怖くない怪談

 今から十年以上前の話。当時私は一人暮らしをしていた。朝は出勤時間に合わせたアラームで起きる。当時は毎晩酒を飲んでいたせいで毎朝寝起きは悪かった。

アラームが鳴るとスヌーズボタンを押してウトウトする。束の間の快楽である。たまに、ごくたま~に一度目のアラームで覚醒してスヌーズではなく停止ボタンを押す時があった。すぐに起き上がり支度に入れば問題ないのだが「何着ようかな~」とか「朝ごはん何食べよ⭐︎」などと布団の中でウダウダ考えてると十中八九二度寝する。これは日常に潜む罠である。誰が何のためにとかはわからんが罠。決して寝起きの自分を信じてはいけない。

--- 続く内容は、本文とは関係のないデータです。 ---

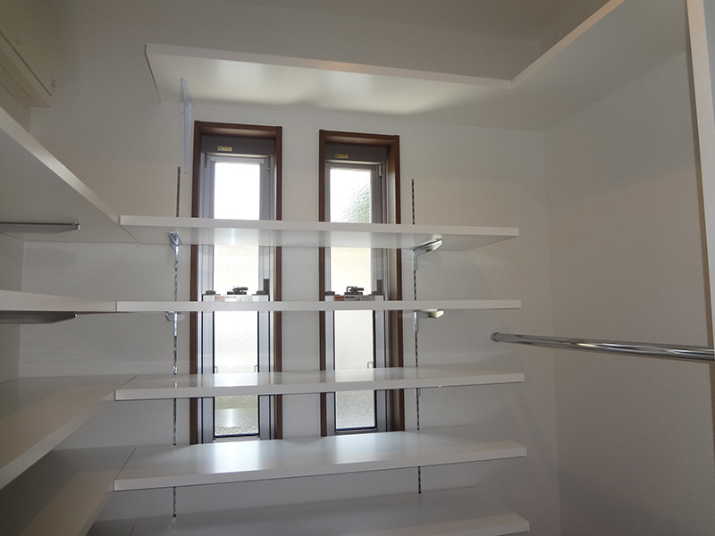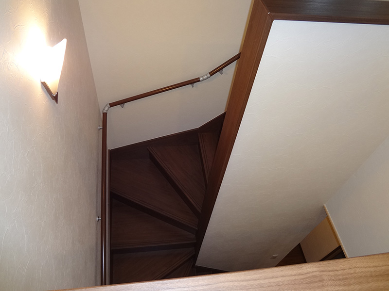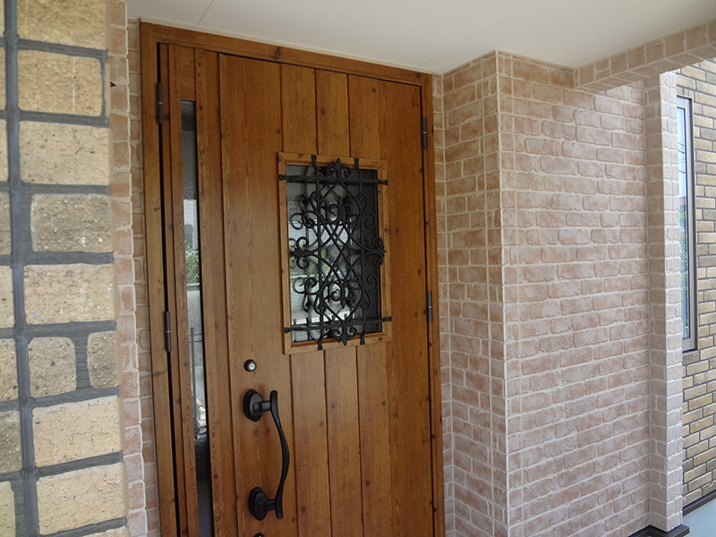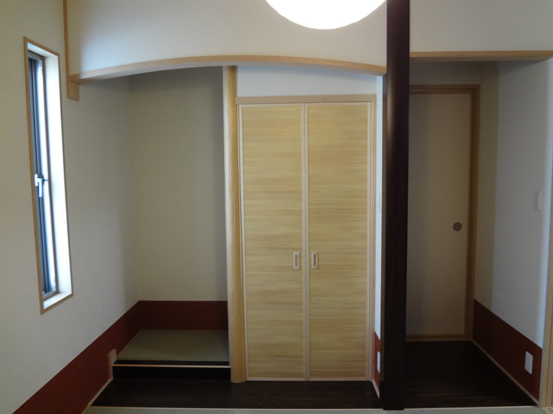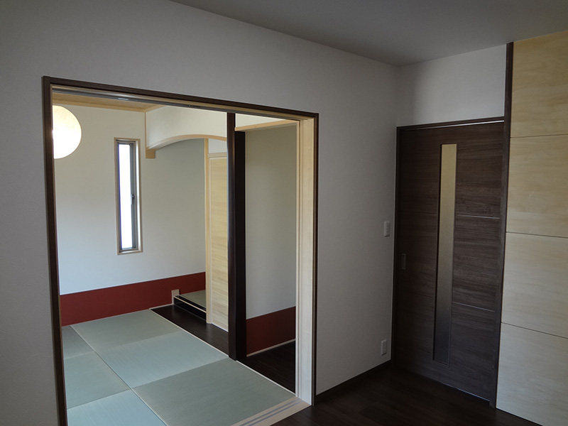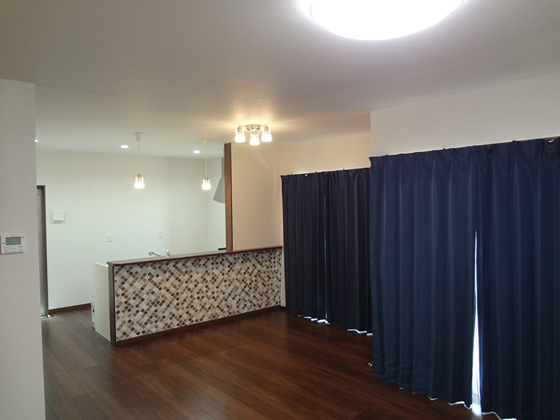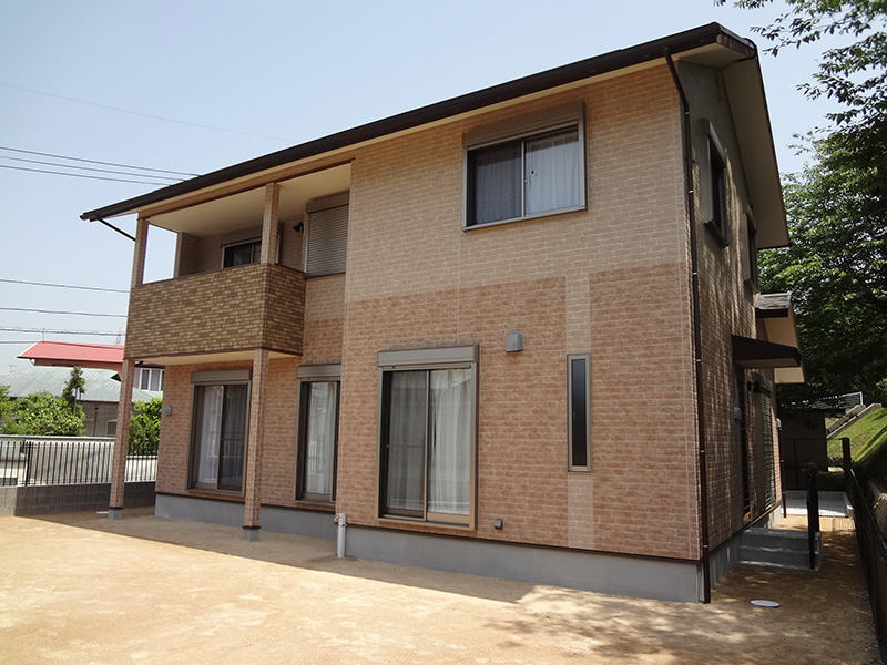 下関市内のM様邸の新築工事です。アプローチを現在の位置にするため、擁壁工事からの施工となりました。外部はお施主様ご希望のタイル調で仕上げています。内部は白を基調とし、フローリングに少し濃い目のブラウンを入れることでめりはりをつけました。和室には桧の錆丸太を使用し、クロスの切り替えでアクセントをつけ、和モダンな空間を演出。

ある日の朝、例によってこの罠に引っ掛かってしまった。停止ボタンを押した私は布団の中で夢とうつつを彷徨っていた。と、その時ふいに肩を叩かれた。うつ伏せに寝る私の肩を何者かが叩いたのだ。「誰っ!?」いっきに現実に引き戻された。飛び起き振り返るがもちろん誰もいない。叩かれた感触はリアル。手のひらで叩かれた感じではなく、親指を除く四本の指先でトントンと叩く感じ。爪が当たるみたいな。何?誰?疑問はあるが怖さはなかった。だって起こしてくれた。優しい~!守護霊様?ご先祖様?亡くなった身内?天使か?もしや未来の自分?想像や妄想は尽きない。